The below C program gives me output only for Addition(+), difference(-), multiplication(*).
But when I try to use division(/) and modulus(%) the program just close itself without giving any error. Help me I'm a newbie to C programming.
//A simple calculator.
#include<stdio.h>
#include<conio.h>
void main()
{
int a, b, sum, diff, rem, multi;
float div;
char character;
clrscr();
printf("Choose the character you want to use(+, -, *, /, %): ");
scanf("%c", &character);
switch(character)
{
case '+': //will be used for addition.
printf("Enter the first and second number: ");
scanf("%d %d", &a, &b);
sum = a+b;
printf("The sum of the %d and %d is %d", a, b, sum);
break;
case '-': //will be used for difference.
printf("Enter the first and second number: ");
scanf("%d %d", &a, &b);
diff = a-b;
printf("The difference between %d and %d is %d", a, b, diff);
break;
case '%': //will be used for modulus.
printf("Enter the first and second number: ");
scanf("%f %f", &a, &b);
rem = a%b;
printf("The remainder of %f and %f is %f", a, b, rem);
break;
case '*': //will be used for product of 2 no.
printf("Enter the first and second number: ");
scanf("%d %d", &a, &b);
multi = a*b;
printf("The multiplication of %d and %d is %d", a, b, multi);
break;
case '/': //will be used for the division.
printf("Enter the first and second number: ");
scanf("%f %f", &a, &b);
div = a/b;
printf("The division of %f and %f is %f", a, b, div);
break;
default:
printf("Error! character please retry");
}
getch();
}
You are using %f format specifier for int variables in / and % cases.
scanf("%f %f", &a, &b);
Thus invoking undefined behavior.
Change it to as below.
scanf("%d %d", &a, &b);
%f is used to readin the float variables.

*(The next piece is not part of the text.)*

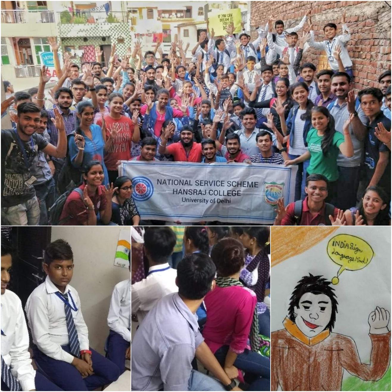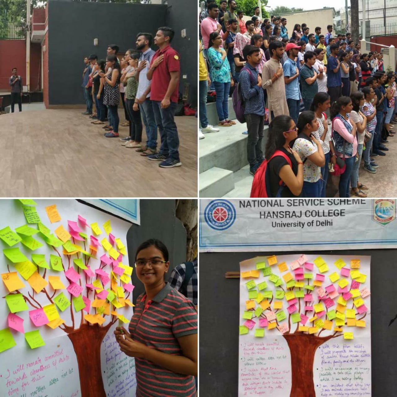 Carrying forward the legacy of 'Swachhta Pakhwada', a fortnight celebration to increase awareness about cleanliness, NSS Hansraj organised a pledge taking ceremony. The pledge, also known as the 'Swachhta Shapath', was recited by a vast multitude of volunteers who promised to take a step towards maintaining cleanliness in our surroundings. NSS also made sure to tap into its creative side, and made the volunteers sign a petition where they shared their views about increasing the awareness about hygiene and sanitation in unique and creative ways. The event was truly a commemoration of our heartfelt spirit of realising the importance of hygiene and sanitation in our day to day lives, and garnered praise from all the beneficiaries. We thank all the volunteers for their enthusiastic participation.

If you want float result for division, you need to cast the one of the argument to float instead reading them as float.
div = (float)a/b;
When using the / and % use
scanf("%d %d", &a, &b);
instead of
scanf("%f %f", &a, &b);
because %f is used for float vars whereas in case of / and % %d is used
You are using wrong formats. After enabling -Wall in gcc and fixing the warnings I get a working program. You also missing the \n in your answer printf()'s
#include <stdio.h>
int main(int argc, char **argv)
{
int a, b, sum, diff, rem, multi;
float div;
char character;
printf("Choose the character you want to use(+, -, *, /, %%): ");
scanf("%c", &character);
switch(character)
{
case '+': //will be used for addition.
printf("Enter the first and second number: ");
scanf("%d %d", &a, &b);
sum = a+b;
printf("The sum of the %d and %d is %d\n", a, b, sum);
break;
case '-': //will be used for difference.
printf("Enter the first and second number: ");
scanf("%d %d", &a, &b);
diff = a-b;
printf("The difference between %d and %d is %d\n", a, b, diff);
break;
case '%': //will be used for modulus.
printf("Enter the first and second number: ");
scanf("%d %d", &a, &b);
rem = a%b;
printf("The remainder of %d and %d is %d\n", a, b, rem);
break;
case '*': //will be used for product of 2 no.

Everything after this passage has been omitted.